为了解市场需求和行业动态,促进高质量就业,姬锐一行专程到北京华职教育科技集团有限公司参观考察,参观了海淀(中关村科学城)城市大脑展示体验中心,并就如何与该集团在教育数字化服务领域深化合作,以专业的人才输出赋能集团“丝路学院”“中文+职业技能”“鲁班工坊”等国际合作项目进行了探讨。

--

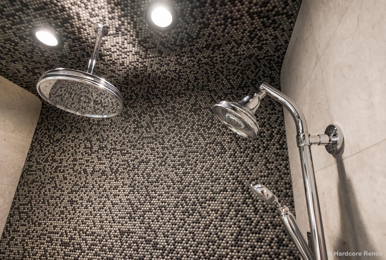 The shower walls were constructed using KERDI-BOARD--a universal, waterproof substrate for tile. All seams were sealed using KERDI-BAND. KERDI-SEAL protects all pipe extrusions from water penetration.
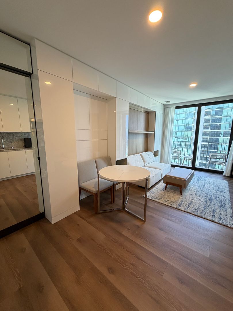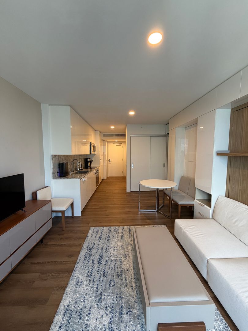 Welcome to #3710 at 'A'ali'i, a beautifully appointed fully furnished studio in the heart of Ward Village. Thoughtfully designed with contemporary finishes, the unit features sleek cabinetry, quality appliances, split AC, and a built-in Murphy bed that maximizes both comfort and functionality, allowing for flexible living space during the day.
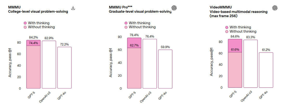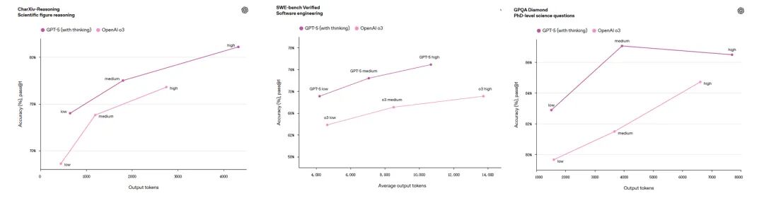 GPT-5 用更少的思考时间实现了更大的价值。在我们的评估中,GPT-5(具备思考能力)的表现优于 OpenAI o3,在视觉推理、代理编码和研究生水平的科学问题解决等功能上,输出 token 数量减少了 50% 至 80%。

*Task:* Transcribe the listing above exactly, but only from the line with "Welcome to #3710" through the line with "GPT-5 用更少的思考时间实现了更大的价值。在我们的评估中,GPT-5(具备思考能力)的表现优于 OpenAI". Include both of those lines and omit the pictures.

*Answer for this exercise:*
 Welcome to #3710 at 'A'ali'i, a beautifully appointed fully furnished studio in the heart of Ward Village. Thoughtfully designed with contemporary finishes, the unit features sleek cabinetry, quality appliances, split AC, and a built-in Murphy bed that maximizes both comfort and functionality, allowing for flexible living space during the day.
 GPT-5 用更少的思考时间实现了更大的价值。在我们的评估中,GPT-5(具备思考能力)的表现优于 OpenAI o3,在视觉推理、代理编码和研究生水平的科学问题解决等功能上,输出 token 数量减少了 50% 至 80%。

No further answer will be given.